Activity =
Your job with the data below: print everything from the line that holds "Helleborus niger Christmas" down to the line that holds "During the operation", ends included, exactly, and nothing else.

Source material =
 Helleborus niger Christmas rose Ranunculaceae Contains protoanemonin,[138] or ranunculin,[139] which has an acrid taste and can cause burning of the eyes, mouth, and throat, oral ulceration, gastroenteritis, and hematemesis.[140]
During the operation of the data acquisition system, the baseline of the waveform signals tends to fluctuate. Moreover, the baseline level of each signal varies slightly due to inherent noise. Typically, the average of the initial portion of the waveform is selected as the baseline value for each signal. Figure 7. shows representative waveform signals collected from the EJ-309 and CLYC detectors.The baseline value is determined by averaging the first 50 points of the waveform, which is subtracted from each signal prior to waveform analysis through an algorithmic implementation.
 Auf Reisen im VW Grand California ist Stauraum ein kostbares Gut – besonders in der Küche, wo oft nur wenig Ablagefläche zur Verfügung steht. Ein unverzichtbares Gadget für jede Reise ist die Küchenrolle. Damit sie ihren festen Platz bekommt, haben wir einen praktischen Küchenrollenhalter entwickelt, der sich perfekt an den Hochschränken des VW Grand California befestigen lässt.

==

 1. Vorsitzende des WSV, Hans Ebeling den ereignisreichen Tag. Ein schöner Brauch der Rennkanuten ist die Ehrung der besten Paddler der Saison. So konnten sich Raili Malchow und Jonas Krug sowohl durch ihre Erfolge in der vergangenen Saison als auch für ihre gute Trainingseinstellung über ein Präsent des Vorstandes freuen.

Task solution =
 Helleborus niger Christmas rose Ranunculaceae Contains protoanemonin,[138] or ranunculin,[139] which has an acrid taste and can cause burning of the eyes, mouth, and throat, oral ulceration, gastroenteritis, and hematemesis.[140]
During the operation of the data acquisition system, the baseline of the waveform signals tends to fluctuate. Moreover, the baseline level of each signal varies slightly due to inherent noise. Typically, the average of the initial portion of the waveform is selected as the baseline value for each signal. Figure 7. shows representative waveform signals collected from the EJ-309 and CLYC detectors.The baseline value is determined by averaging the first 50 points of the waveform, which is subtracted from each signal prior to waveform analysis through an algorithmic implementation.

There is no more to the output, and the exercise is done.